JMM,

I would offer a slightly different angle. I've taken courses that dealt with legal topics in graduate school (contracts, torts, property, secured transactions, agency, partnerships, corporate law). I've also taken each of those classes in law school. The course descriptions were very similar, but the approaches were fundamentally different.

The graduate approach is to familiarize students with basic concepts and to apply them, with the intent of being able to interact intelligently with a legal professional. For example, in business school, the goal was for students to better interact with their in-house counsel. There is little to no emphasis on understanding how the law evolved, how to attempt to change it, and we never read a single case.

In law school, as you surely recall, it is the exact opposite.
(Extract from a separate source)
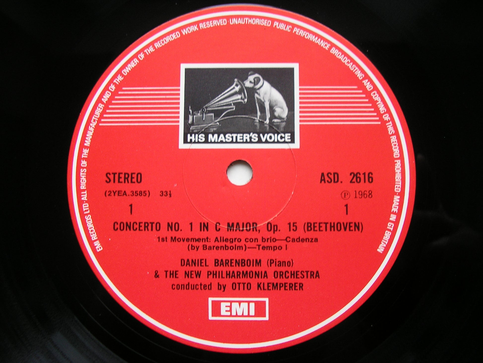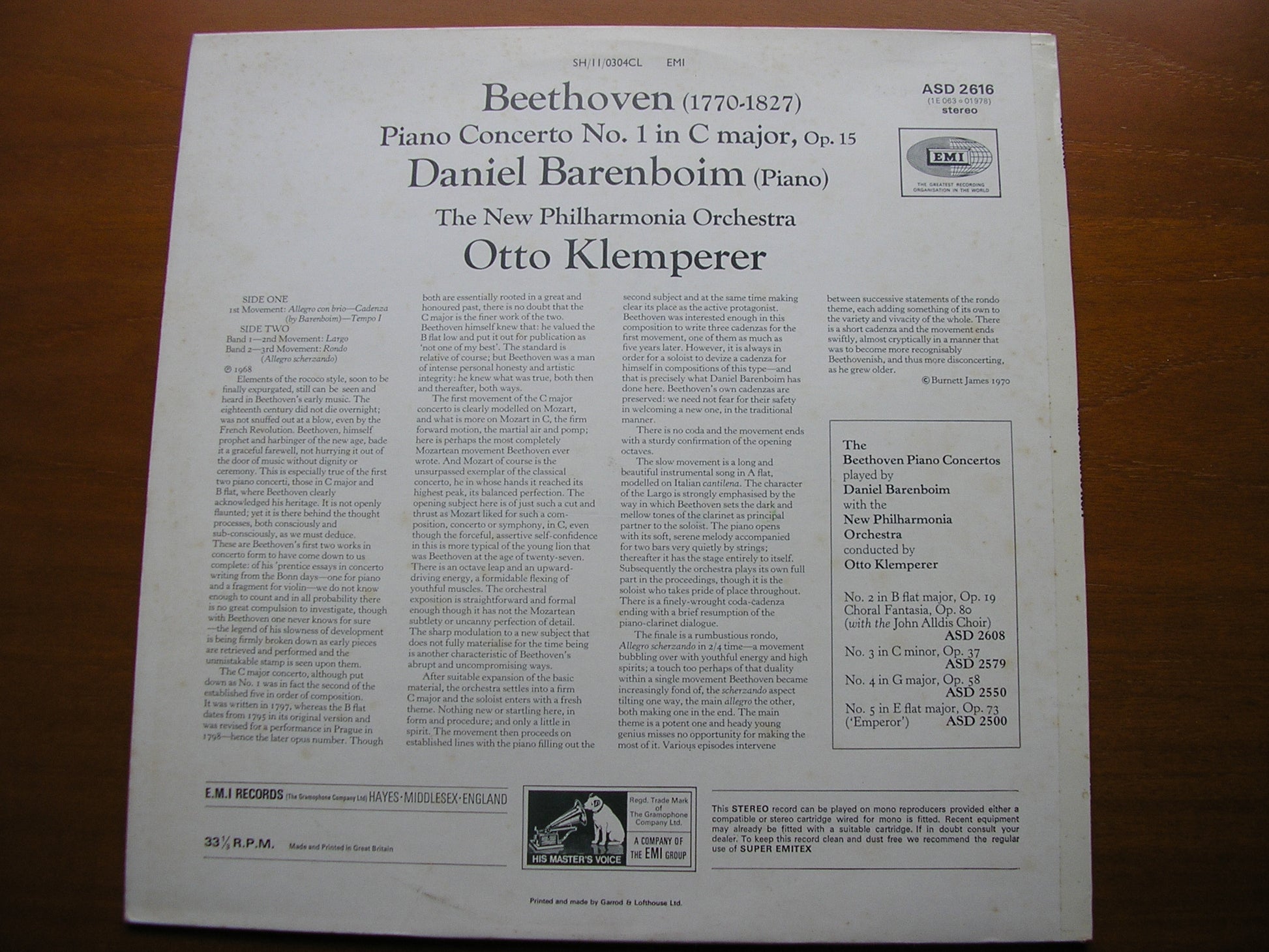 BEETHOVEN: PIANO CONCERTO No. 1 BARENBOIM / NEW PHILHARMONIA / OTTO KLEMPERER ASD 2616

The semester generally begins with older cases that have been overturned in whole or in part, followed by the landmark cases that caused the changes, and analysis of the issues in each case, with the intent of the students being able to "spot issues" in any given scenario and argue each side of the issue to make an assessment of how the law is likely to be interpreted and whether/how to approach it.

By analogy, the former would be equivalent to getting a class on how to select a lawyer, how to prepare for a meeting with him, and what services you can reasonably expect from him. The latter would be equivalent to learning how to address clients' legal needs, how to extract necessary information from them to fully analyze the issues relevant to their situations, and what you can expect to do for them.

That said, in looking at the core curriculum that you posted, I don't know why a person wouldn't just go to law school. It would probably open more doors and, as you noted, it is very similar to most 1L curricula. Why anybody would subject themselves to the tedium of those courses without getting a JD in return is beyond me. After the 1L year, students can take whatever courses their hearts desire, to include those listed (though my school, I'll admit, does not offer a course on "Islamist warfare" but there are equally enlightening and interested courses to choose from that have an international flavor to them).

I do agree with your overall analysis that it looks like a good program, though.